The one-dimensional convolutional neural network includes a Reshape layer, multiple one-dimensional convolutional pooling blocks and a one-dimensional convolutional layer connected in sequence. The one-dimensional convolutional pooling block includes a one-dimensional convolutional layer and a one-dimensional maximum pooling layer connected in sequence. In Figure 3, there are 2 one-dimensional convolutional pooling blocks. The convolution kernel size used in the one-dimensional convolutional layer of the first one-dimensional convolutional pooling block is 3, and the pooling window of the one-dimensional maximum pooling layer is 3; the convolution kernel size used in the one-dimensional convolutional layer of the second one-dimensional convolutional pooling block is 3, and the pooling window of the one-dimensional maximum pooling layer is 3. The convolution kernel size used in the one-dimensional convolutional layer connected after multiple one-dimensional convolutional pooling blocks is 3. 1D-CNN accepts two-dimensional input data in the form of feature length and feature channel number. The Reshape layer compresses the dimension of length 1 in the two-dimensional asymmetric aggregation module, reduces the dimension while keeping the number of features unchanged, so as to perform downscaling connection, and then learns the remaining dimensional features through the one-dimensional convolutional kernel with a window size of 3. Due to the parameter sharing characteristics of the convolutional kernel, the model not only learns the local features of a single landslide influencing factor, but also couples the feature associations between different factors. As the 1D-CNN layer deepens, the overall network has a deeper structure and can extract more abstract landslide and non-landslide features. The convolution kernel parameter sharing feature is an existing feature of CNN, which means that the weight of each convolution kernel is fixed during one iteration, and the weight within the convolution kernel will not change due to different positions in the image. Each convolution kernel slides in the image to learn individual features. Weight sharing reduces model parameters and greatly reduces the difficulty of network training.

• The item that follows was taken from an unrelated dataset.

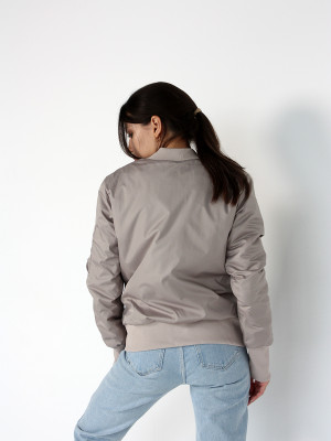 Модный демисезонный женский бомбер в нежном цвете капучино. Создаст стильный образ и подойдет для разных сезонов года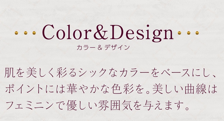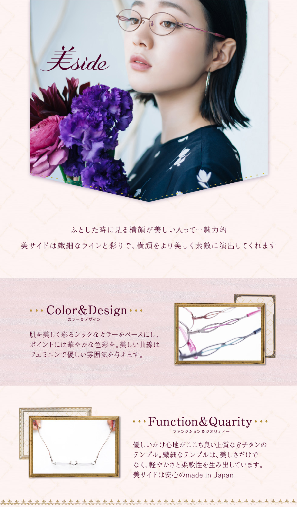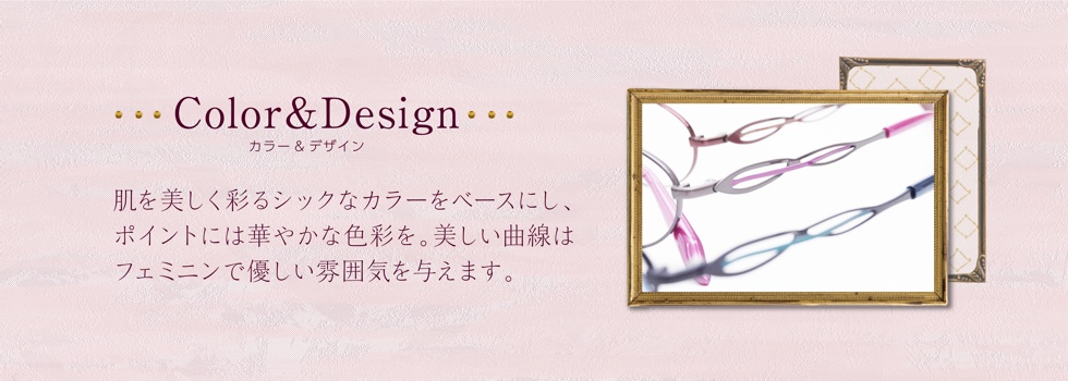 サイドの楕円形のモチーフ部にアクセントカラーをのせたデザインが横顔を華やかに彩ります。テンプルの美しい曲線はデザイン性だけでなく適度なバネ性の掛け心地を生み出しています。

The one-dimensional asymmetric aggregation module includes a one-dimensional maximum pooling layer and a one-dimensional average pooling layer connected in parallel, and a concatenate layer connected to the output of the one-dimensional maximum pooling layer and the output of the one-dimensional average pooling layer, respectively. In Figure 3, the pooling window of the one-dimensional maximum pooling layer is 3, and the pooling window of the one-dimensional average pooling layer is 3. After the average pooling and maximum pooling are aggregated, the overall features (including the abstract feature aggregation information represented by numbers) after being connected by the concatenate layer are passed to the fully connected layer module.

The fully connected layer module includes two fully connected layers connected in sequence. The fully connected layer maps the received feature vector after flattening, so that the neural nodes are interconnected and have global characteristics. Deepening the fully connected layer can improve the nonlinear expression ability of the model, but it will increase the model training cost and overfitting. Therefore, this model only sets two fully connected layers, and the last fully connected layer outputs a single neuron with an output value between 0 and 1, which indicates the probability of a medium landslide occurring at the point.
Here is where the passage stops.